Şefaatçinin adı Lât, Menât, Uzlâ, Hubel olunca şirk oluyor.  Hz. Muhammed olunca, ehl-i sünnet inancı oluyor. Yalnız Hz. Muhammet’le de bitmiyor. Gavs, kutup, şeyh, evliya, hafız, şehitler, ölmüş bebekler vb. çoğaltmak mümkün. Bu kişilerin, Muhammed’i öne sürmelerinin sebebi, kendilerine kapı aralamalarındandır. Nebî Muhammed’in şefaatine inandıracak ki, kendileri de peşinden gidebilsin. Hübel olmuş, Nebî olmuş, Şeyh olmuş fark etmiyor. İsimler değişse de, mantık aynı…

            “Kur’an, inmeye başladığı ilk yıllardan itibaren, şirkle kavga halinde olmuştur. Kur’an refakatçiliği, şirk olarak ele almıştır. Mekkeli müşrikler, Allah’a inancı olan insanlardı. Onlar, Allah’a ortak koşarak inanırlardı…  Kur’an’da, birilerinin şefaatiyle ilgili ayet yoktur. Şefaatle ilgili 26 ayetin 22 sinin, Mekke de nazil olması da manidardır. O dönemde Mekke’de Kâbe’nin içi putlarla doluydu. Kur’an bu ayetlerle şefaati kaldırmayı amaçlamıştır.
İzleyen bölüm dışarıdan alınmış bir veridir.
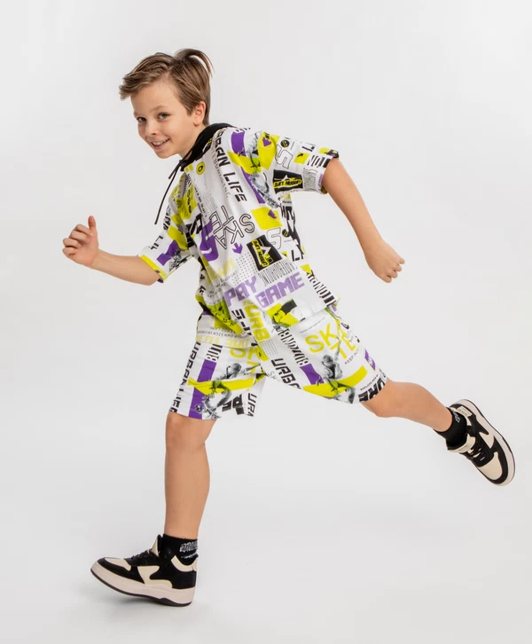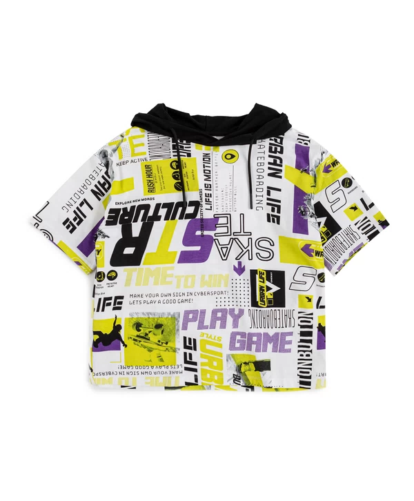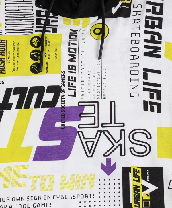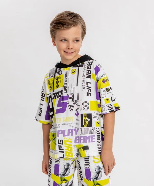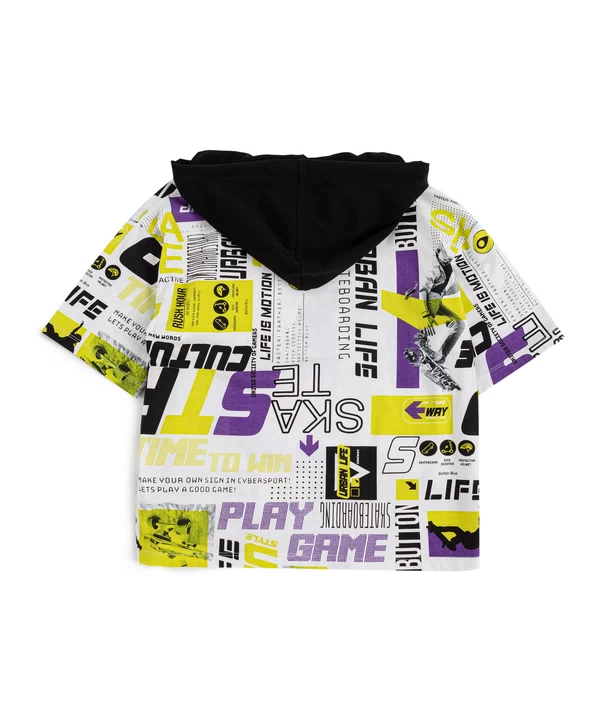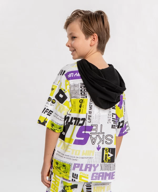 Футболка с капюшоном. Белый цвет и контрастный принт по всей футболке точно привлекут внимание окружающих к образу маленького модника. Футболка сделана из 95% хлопка и 5% эластана. Такой состав и оверсайз силуэт обеспечивают комфорт и свободу движений без прилегания. Капюшон добавляет дополнительный акцент, может защитить от ветра и солнца. Принт в стиле урбан и спорт поможет выделиться среди сверстников. Этот предмет гардероба - олицетворение удобства и стиля.

Şuara Suresi 100 -101. Ayet;
“Artık bizim için ne bir şefaatçi var,” “Ne de candan-yakın bir dost.”

            Bizler de sünnet namazı kılarak, Hz. Muhammed’in şefaatinden beklentiye giriyoruz. Allah’tan başkası için ibadet edilmez! Farz namazı dışı namaz kılacaksak, Nebî Muhammed’in niyet ettiği gibi (Allah rızası için diye) niyet etmeliyiz. Sünnet niyetiyle, namaz kılınmaz…
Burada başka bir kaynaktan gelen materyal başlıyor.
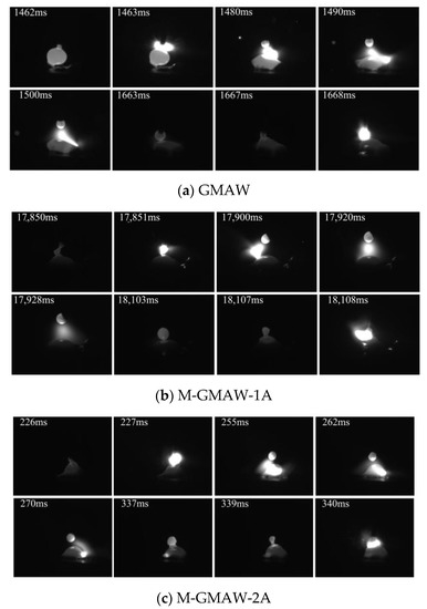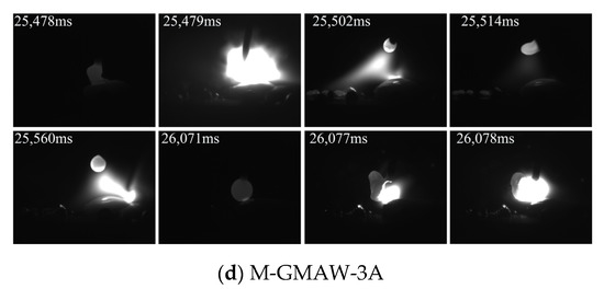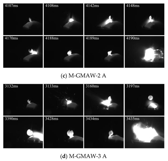 Figure 2 shows the images of short-circuiting transfer, when the wire feeding speed of 2 m/min is used. The typical features of short-circuiting transfer could be obtained in Figure 2. The short-circuiting transfer of GMAW is shown in Figure 2a. The phenomenon of short circuiting is found at 1462 ms and 1663 ms. The size of the droplet (1462 ms) was obviously larger than that of the droplet (1663 ms), which expressed that the stability of the deposition process was poor. At the stable arcing stage (1463 ms~1490 ms), the arc shape was biased to the left. However, when the external longitudinal magnetic field is added, the arc shape obviously rotates as shown in Figure 2b–d. The similar results had been reported that, under the action of axial electromagnetic force, the arc shape expressed periodic rotation [12]. Figure 2b shows the images of short-circuiting transfer in the M-GMAW with a magnetic excitation current of 1 A. The phenomenon of short circuiting is found at 17,850 ms and 18,103 ms, and the droplet size is less than that of Figure 2a. In addition, the droplet sizes at the 17,850 ms and 18,103 ms have a small difference. When the magnetic excitation current is increased to 2A, the droplet sizes also have a small difference. However, with the droplet sizes, an obvious difference is found when the magnetic excitation current of 3 A is used (Figure 2d).

             Kimsenin Allah’ın yanında, şefaatçi olması için yetkisi yoktur. Allah’ın tek şefaatçi olması müşrikleri huzursuz yapmaktadır.

Zümer Suresi 43, 44, 45. Ayet;
Yoksa Allah'tan başka şefaat ediciler mi edindiler? De ki: 'Ya onlar, hiç bir şeye malik değillerse ve akıl da erdiremiyorlarsa?'
De ki: 'Şefaatin tümü Allah'ındır. Göklerin ve yerin mülkü O'nun dur. Sonra O'na döndürüleceksiniz.'
Sadece Allah anıldığı zaman, ahirete inanmayanların kalbi öfkeyle kabarır. Oysa O'ndan başkaları anıldığında hemen sevince kapılırlar.

            Mekkeli müşriklerden bizim ne farkımız var? Hz. Muhammed kaderciliği ve şefaati kaldırmak için gelmesine rağmen, ölümünden altmış yıl sonra eskiye dönüş başlamıştır.

            Şefaat; aracı olmak, müdahale etmek anlamındadır. Arapça bir kelimedir. Günü kurtarmak veya bir yarar sağlamak maksadıyla, bir büyüğünün nezdinde suçlunun suçunu, affedilmesi talebinde bulunmaktır. Dünya hayatında böyle şeylerin yapıldığını hepimiz biliyoruz. Buna halk dilinde torpil denilmektedir. Fakat Yüce Allah’ın adil olduğunu unutuyoruz.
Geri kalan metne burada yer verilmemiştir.